Say goodbye to the chasing arrows recycling symbol on packaging

Jun 26, 2013 by

Surprisingly to most consumers, the recycling symbol on a product – the one with a little number inside of the chasing arrows –  doesn’t mean that the product can be recycled.

It’s incredibly frustrating (and confusing), but all the symbol does is indicate what kind of plastic (i.e. PET, PP, PS, HPDE, LDPE, PVC, etc.) the product is made from.  And not all plastic products are required by law to have the symbol.  Only containers that hold more than 8 ounces and only in certain states.

That symbol, formally known as the Resin Identification Code has been under fire from packaging companies and recyclers for years.  A couple of years ago, ASTM engaged in a multi-year project to revise resin symbology.

Progress has finally been made and I’m going to share with you the direction it looks like the ASTM is heading as well as my opinion on the resolution.
The proposed symbols will do away with the chasing arrows and replace them with a solid line triangle.  The same numbering system will apply to denote the resin type.

While I am in agreement with the ASTM’s decision to eliminate the chasing arrows, and I’m hopeful that they will eliminate some consumer confusion, I think it will take many years for consumers to start realizing that the new solid triangle doesn’t translate to recyclable.
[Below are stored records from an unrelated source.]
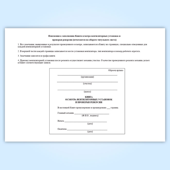 Книга осмотра вентиляторных установок и проверки реверсии в Кызыле купить
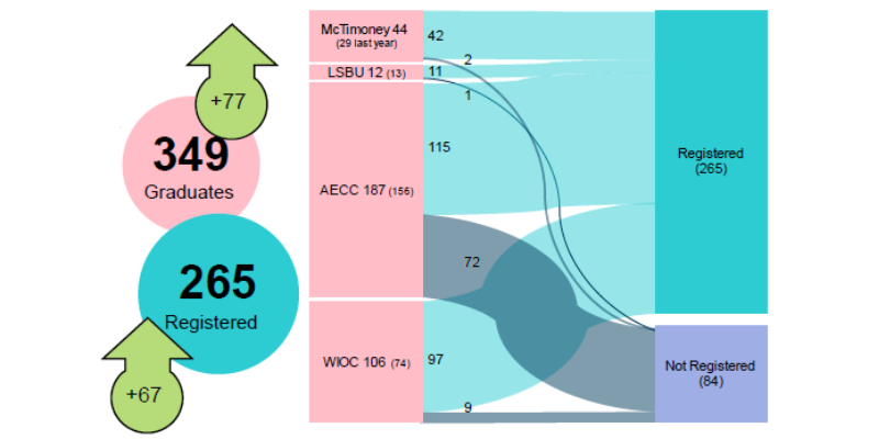 By 12 February 2024, 265 that had graduated from a UK approved degree courses in chiropractic had registered with the GCC. We measure to the date in February as some courses complete in December and the students on these courses tend not to register immediately.
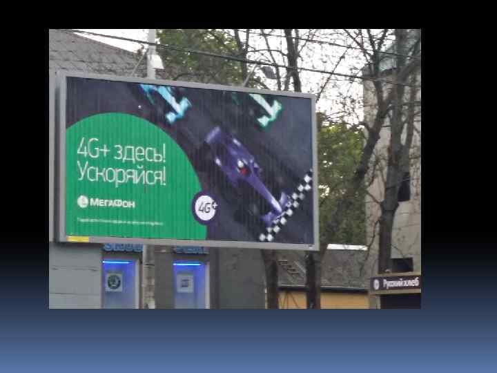 Место: Московский проспект. Место выбрано удачно – правая сторона дороги, хорошо воспринимается проезжающим водителям и проходящим пешеходам Сторона движения: А Конструкция: динамичная; Носитель: Призмавижн Шрифт и текст: читабельный, простой, не перегружен информацией. Цвета: сочетаются; Используются фирменные цвета (зеленый и белый), логотип Посыл: призыв ( «Ускоряйся!» ) Удачное рекламное обращение: рекламное обращение простое, понятное, для визуального восприятия не затруднено. Ясен основной посыл и сразу понятно о чем идет речь, информирование об услугах. Слоган – «Ускоряйся!» сочетается с изображением. Указана организация ( «Мегафон» ) Оценка эффективности рекламного обращения: 8
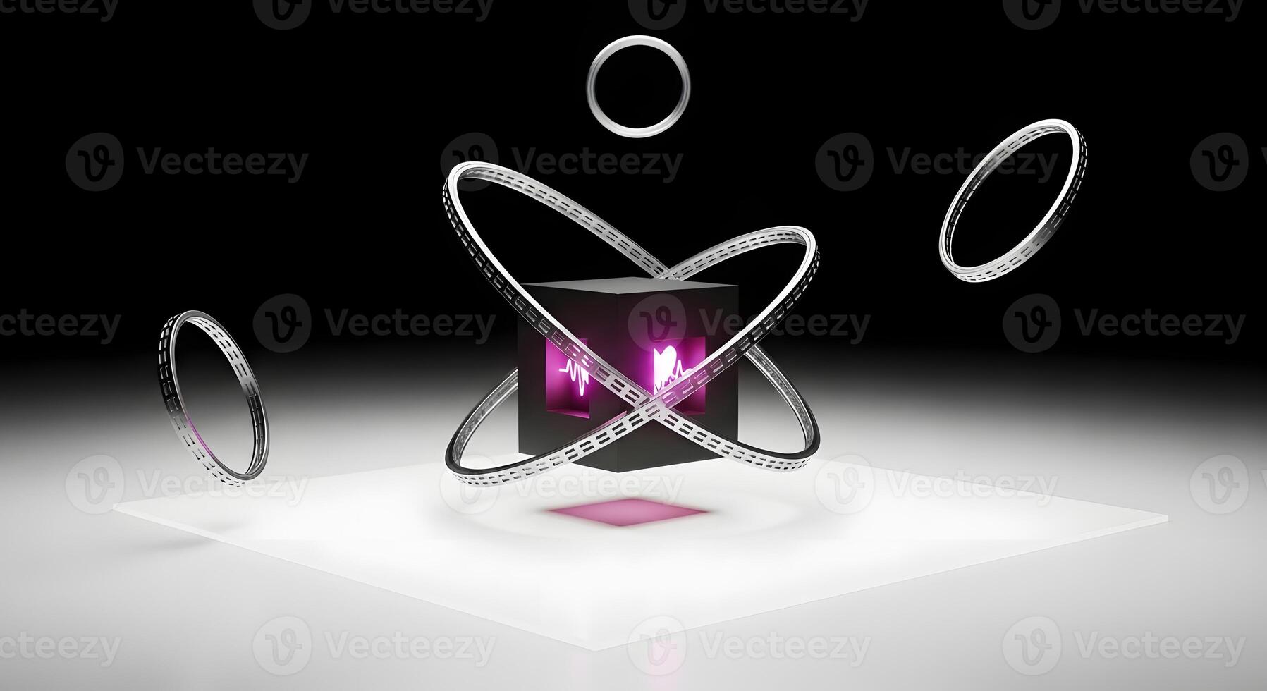 Abstract 3D rendering of a geometric cube with surrounding rings, futuristic design Pro Photo
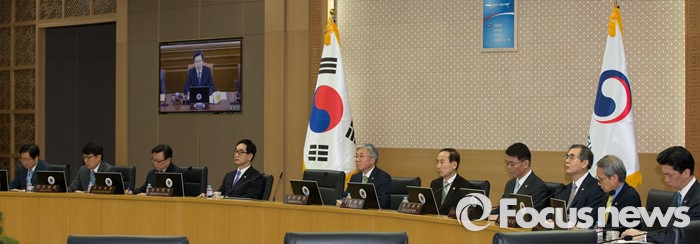 (세종=포커스뉴스) 19일 오전 세종시 정부세종청사 국무회의장에서 서울-세종 영상회의로 열린 국무회의에 참석한 국무위원들이 황교안 총리의 모두발언을 경청하고 있다.
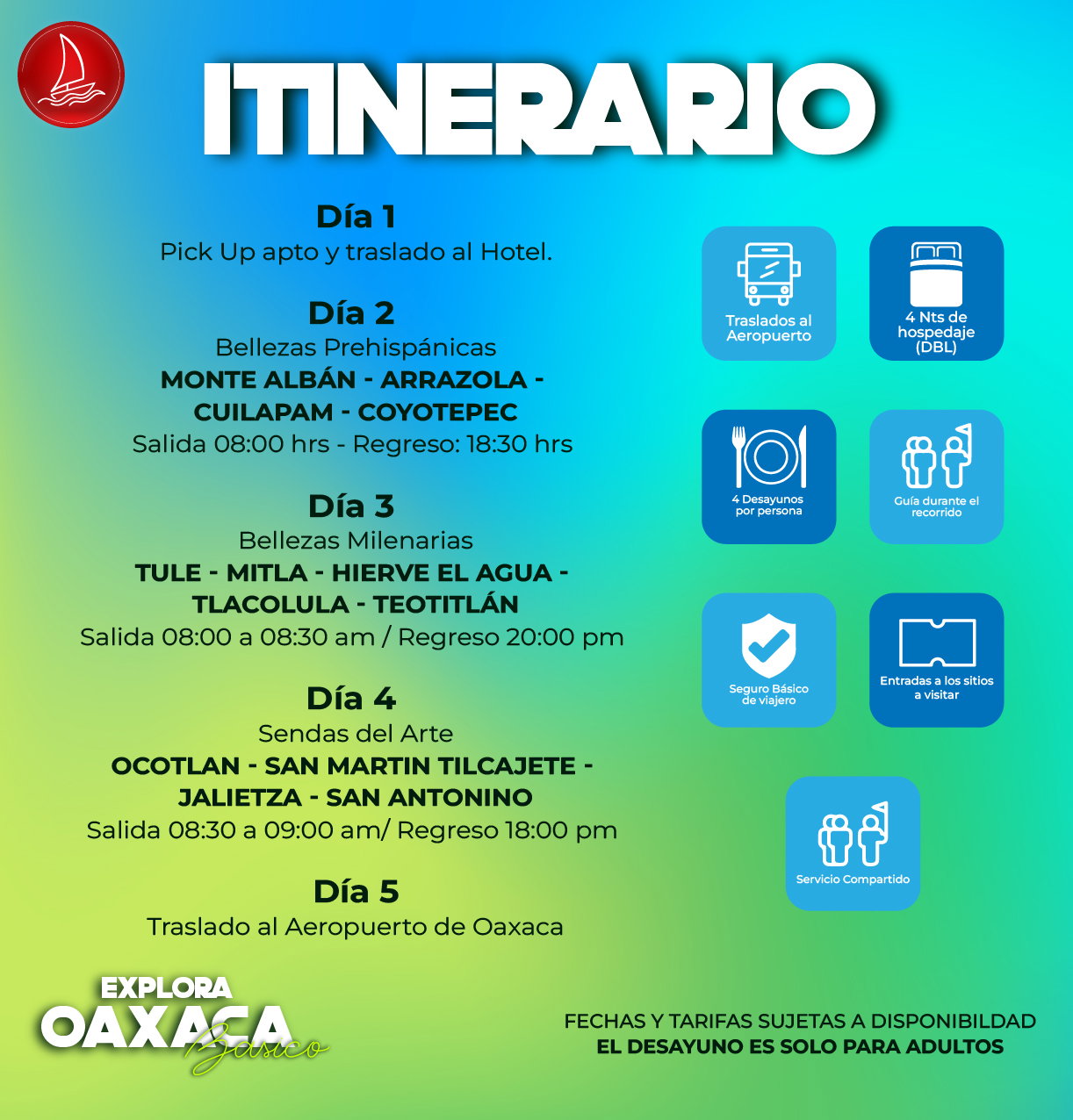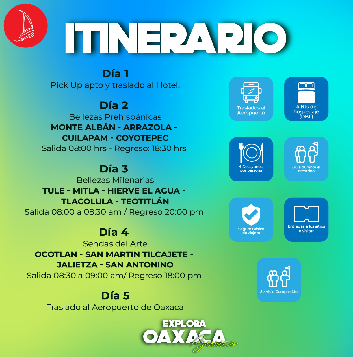 Este día finalizamos con el traslado al aeropuerto de la ciudad de Oaxaca, concluyendo así nuestros servicios
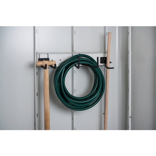 Das Set besteht aus verschiedenen Hakenformen und -größen, sodass Sie Ihre Gartengeräte, Werkzeuge, Fahrräder und vieles mehr optimal verstauen können. Ob Spaten, Rechen, Heckenschere oder Gartenschlauch – jeder Gegenstand findet seinen festen Platz. Und das Beste daran: Sie können die Haken ganz nach Ihren individuellen Bedürfnissen an den Innenwänden des Gerätehauses anbringen. So schaffen Sie ein maßgeschneidertes Ordnungssystem, das perfekt auf Ihre Anforderungen zugeschnitten ist.

Chasing arrows compared to a solid triangle don’t look all that different in the eyes of a fast-moving consumer.  I don’t have a better solution to propose, but I think this will highlight the need for further education about what is and what isn’t recyclable which is largely dictated locally by regional waste haulers.

Unfortunately, the ASTM and the industry missed a huge opportunity to clear up the confusion for labeling compostable plastics.

Today, compostable plastics fall under #7 (“Other”) resin code.  That provides no indication of if the material is PLA or PHA or Polycarbonate or some other type of material that doesn’t fall under #1-6.
Knowing if a product is compostable or not depends entirely on the manufacturer to truthfully label the product (separately from the resin symbol) as compostable.  That label could be in the form of the word “Compostable” embossed or printed on the product, printing the Biodegradable Products Institute symbol, printing a brown or green stripe, or some other method that manufacturer is clever.

The major challenge in the compostable products industry is that there isn’t a uniform label that companies use.

That’s where the ASTM could have solved this challenge by creating a new resin number (i.e. #8) and used it for compostable plastics.  Granted, any company could emboss the symbol on their product and deceive consumers which are a concern, but companies already do that with various compostable labeling already in play.

Unfortunately, now compostable plastics will continue to be labeled as #7 and a ubiquitous compostable labeling scheme will be nonexistent.  A complete missed the opportunity to eliminate confusion.  Bummer.